» **Data excerpts**:
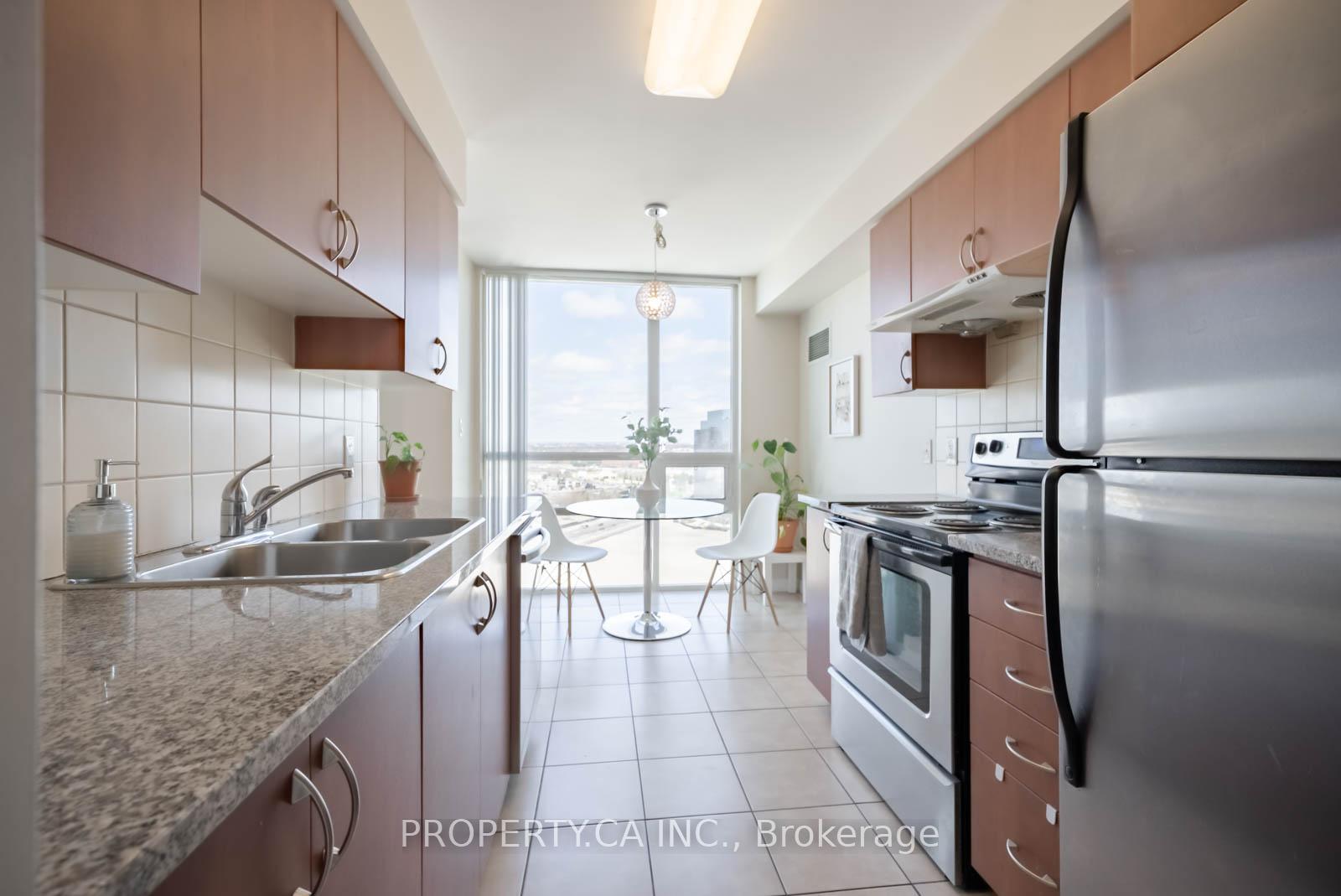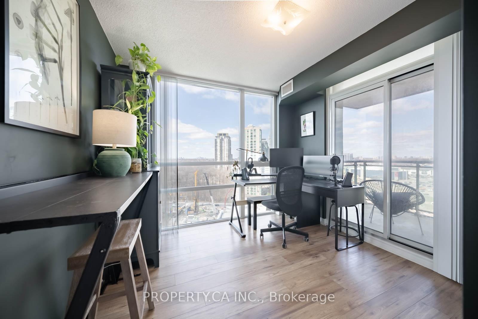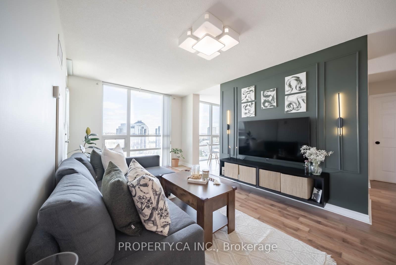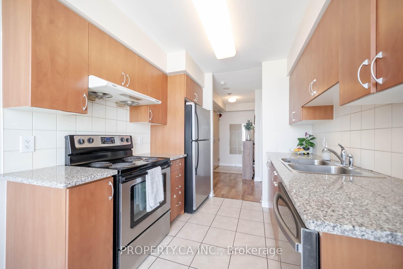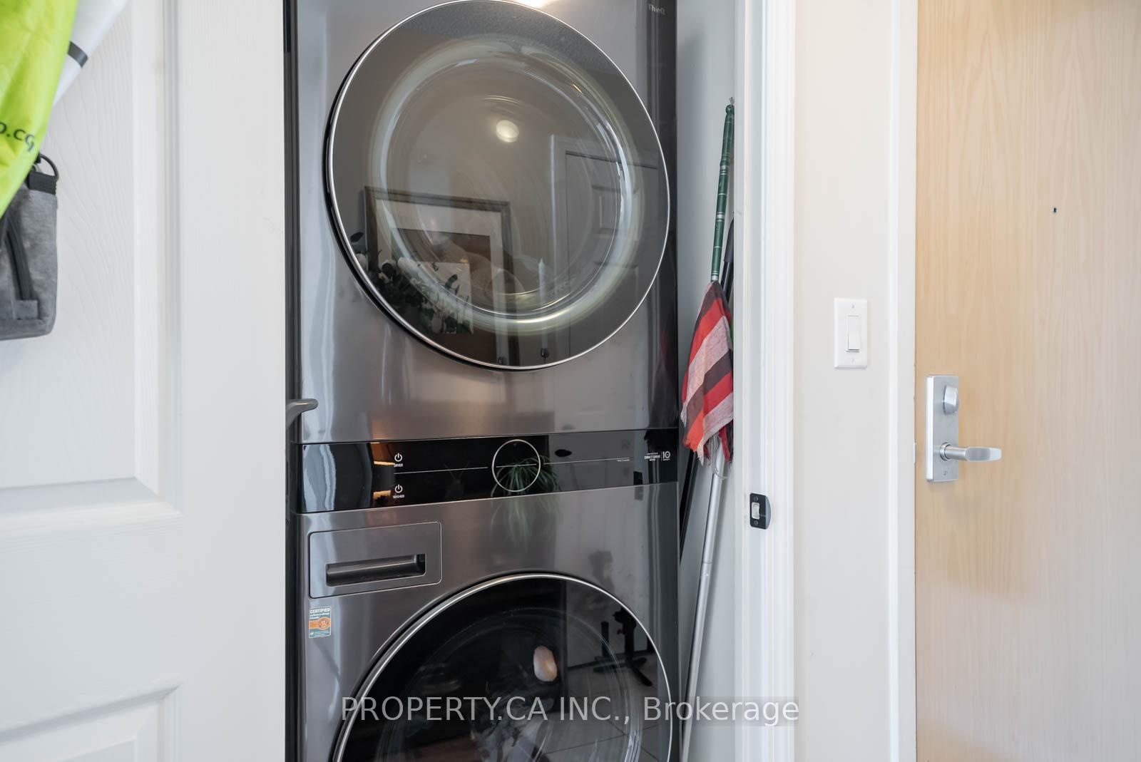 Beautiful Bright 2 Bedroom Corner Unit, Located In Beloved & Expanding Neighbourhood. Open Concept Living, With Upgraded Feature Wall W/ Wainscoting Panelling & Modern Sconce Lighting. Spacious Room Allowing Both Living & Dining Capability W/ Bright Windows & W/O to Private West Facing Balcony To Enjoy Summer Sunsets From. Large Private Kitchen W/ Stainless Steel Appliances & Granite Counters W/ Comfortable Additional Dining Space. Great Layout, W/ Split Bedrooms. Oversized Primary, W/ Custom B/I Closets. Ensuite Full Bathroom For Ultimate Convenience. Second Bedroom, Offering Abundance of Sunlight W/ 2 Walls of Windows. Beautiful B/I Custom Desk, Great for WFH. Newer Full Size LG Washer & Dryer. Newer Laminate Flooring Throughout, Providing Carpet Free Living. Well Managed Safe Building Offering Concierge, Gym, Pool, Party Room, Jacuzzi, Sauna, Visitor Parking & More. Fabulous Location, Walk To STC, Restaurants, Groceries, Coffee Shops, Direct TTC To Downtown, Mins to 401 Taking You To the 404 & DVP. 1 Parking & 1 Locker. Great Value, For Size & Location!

==

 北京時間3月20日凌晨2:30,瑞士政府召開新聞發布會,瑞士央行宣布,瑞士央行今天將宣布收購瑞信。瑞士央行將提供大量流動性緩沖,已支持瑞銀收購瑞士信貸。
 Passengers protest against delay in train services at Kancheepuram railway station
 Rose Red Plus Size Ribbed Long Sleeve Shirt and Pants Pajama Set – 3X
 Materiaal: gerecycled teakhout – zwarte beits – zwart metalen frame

...

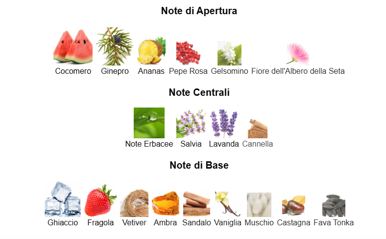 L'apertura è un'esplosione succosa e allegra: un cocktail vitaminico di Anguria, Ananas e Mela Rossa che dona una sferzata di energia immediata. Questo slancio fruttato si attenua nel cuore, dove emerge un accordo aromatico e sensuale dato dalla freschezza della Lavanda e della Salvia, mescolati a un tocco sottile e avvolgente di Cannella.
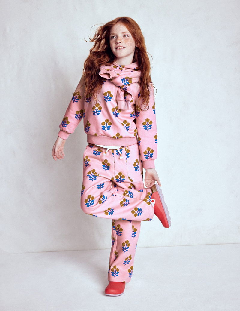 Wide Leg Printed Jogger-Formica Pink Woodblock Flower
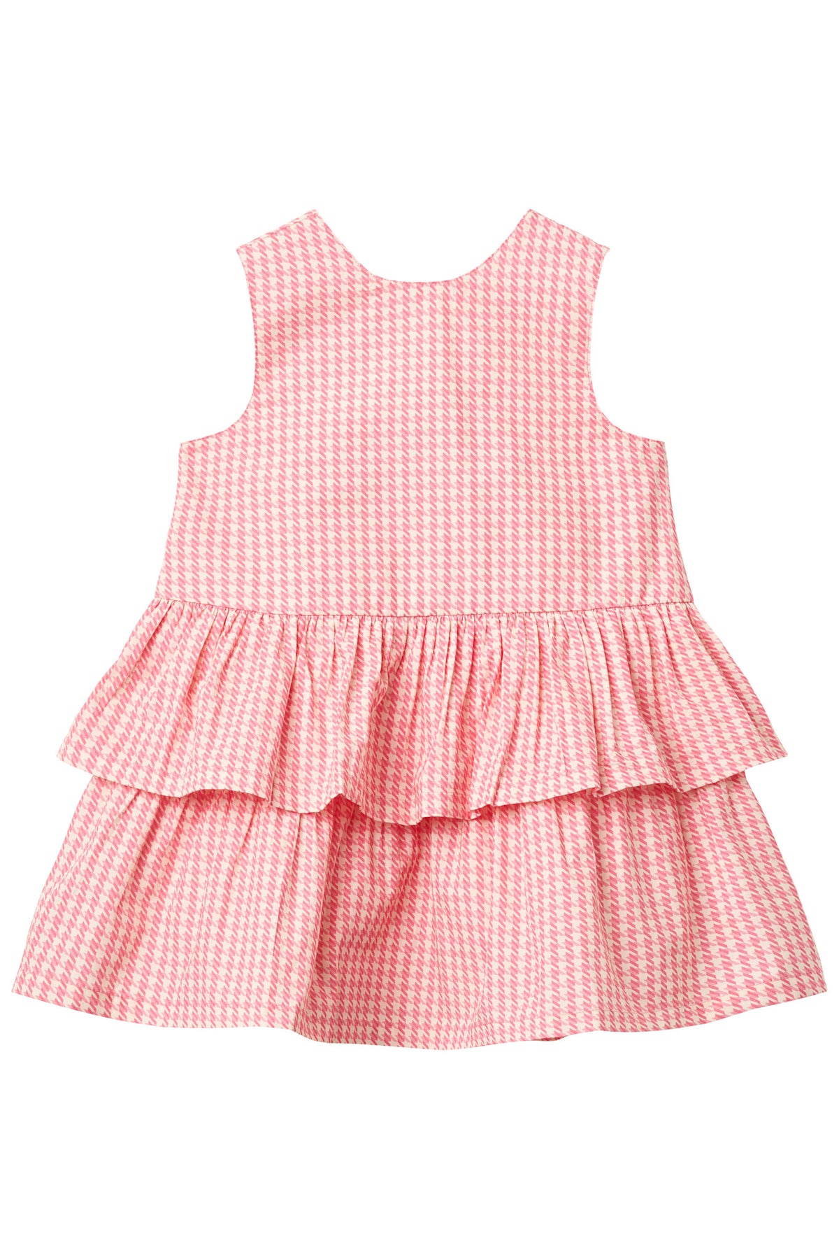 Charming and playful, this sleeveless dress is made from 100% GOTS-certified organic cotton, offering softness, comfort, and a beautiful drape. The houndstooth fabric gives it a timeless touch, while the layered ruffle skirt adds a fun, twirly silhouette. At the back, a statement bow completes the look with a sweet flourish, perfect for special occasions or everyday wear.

» **Task statement**: Transcribe only the lines above that start at the line containing "L'apertura è un'esplosione" and end at the line containing "Charming and playful, this". Omit pictures.

» **Exercise response**:
 L'apertura è un'esplosione succosa e allegra: un cocktail vitaminico di Anguria, Ananas e Mela Rossa che dona una sferzata di energia immediata. Questo slancio fruttato si attenua nel cuore, dove emerge un accordo aromatico e sensuale dato dalla freschezza della Lavanda e della Salvia, mescolati a un tocco sottile e avvolgente di Cannella.
 Wide Leg Printed Jogger-Formica Pink Woodblock Flower
 Charming and playful, this sleeveless dress is made from 100% GOTS-certified organic cotton, offering softness, comfort, and a beautiful drape. The houndstooth fabric gives it a timeless touch, while the layered ruffle skirt adds a fun, twirly silhouette. At the back, a statement bow completes the look with a sweet flourish, perfect for special occasions or everyday wear.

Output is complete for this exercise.